– Это вот, смотри, фолликулярная киста, маленькая. Они вообще не бывают большими – с куриное яйцо. Она принадлежала девушке… Кажется, ее звали Наташа и ей было 22 года.
– Почему звали? Почему было 22 года? Она что, умерла у тебя под ножом? – спрашивала я.
– Что за глупости?! Просто когда я ее оперировала, ей было 22 года.
– А это что? – интересовалась я, глядя на огромного, отвратительного мутанта в большом круглом аквариуме.
– А это я на прошлой неделе удалила муцинозную кистому одной художнице. На самом деле это еще не самый большой экземпляр. Порой они достигают тринадцати килограммов. Внутри была жидкость. А вот, да нагнись ты! Видишь, у этой есть даже зубы, а вон с той стороны и волосы растут! – с восторгом восклицала Пулька.

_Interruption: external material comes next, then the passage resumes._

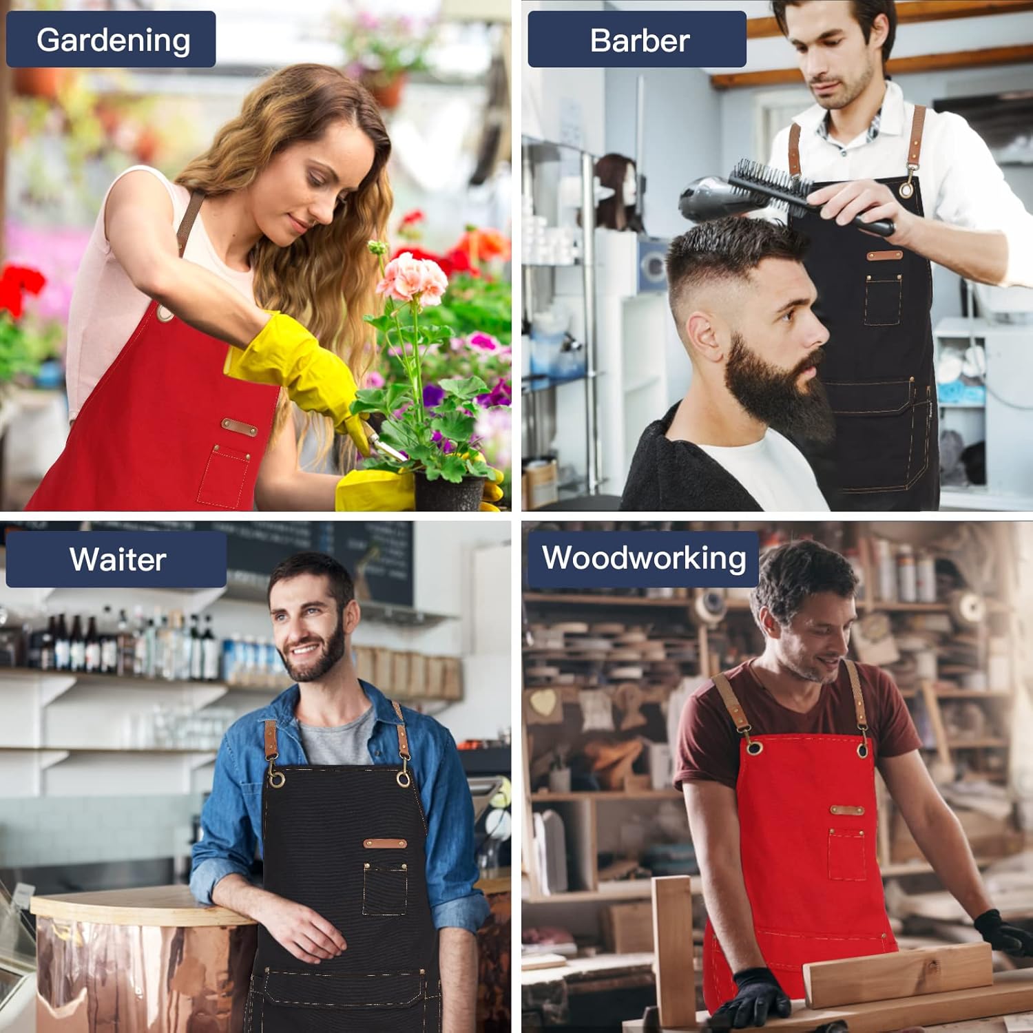 - VERSATILE & PRACTICAL: Daily life use as a Work Apron of cook, cooking, baking, grill, bbq grilling, gardening, cleaning, painting, crafting, serving, nursing, woodworking, cosmetology, hair stylist. Practical used in home, kitchen, café, restaurant, coffee shop, bar, salon, bistro, workshop, garden, flower shop, barber shop, farmhouse, etc. Ideal for cooker, baker, tavern server, art artist painter, gardener, barista, bartender, butcher teacher, florist, barber, hairdresser, waiter waitress.

– Фу! И как ты только можешь этим заниматься всю свою жизнь? – На самом деле я всегда этому удивлялась.
– Я люблю свою работу и отношусь к ней серьезно. Мне интересно.
– Слушай, а кто тебе разрешает таскать всю эту гадость домой?
– Ты имеешь в виду моих гоголеведов?
– Нет, в больнице.
– Ха! Уметь надо! Я сама заместитель заведующего гинекологическим отделением, а с ним, ты сама знаешь, у меня очень даже близкие отношения.
Вообще-то в детстве Пульхерия была неказистой, худенькой девочкой с блеклым русым хвостиком. Но зато сейчас она просто помешалась на своей внешности и действительно выглядела потрясающе.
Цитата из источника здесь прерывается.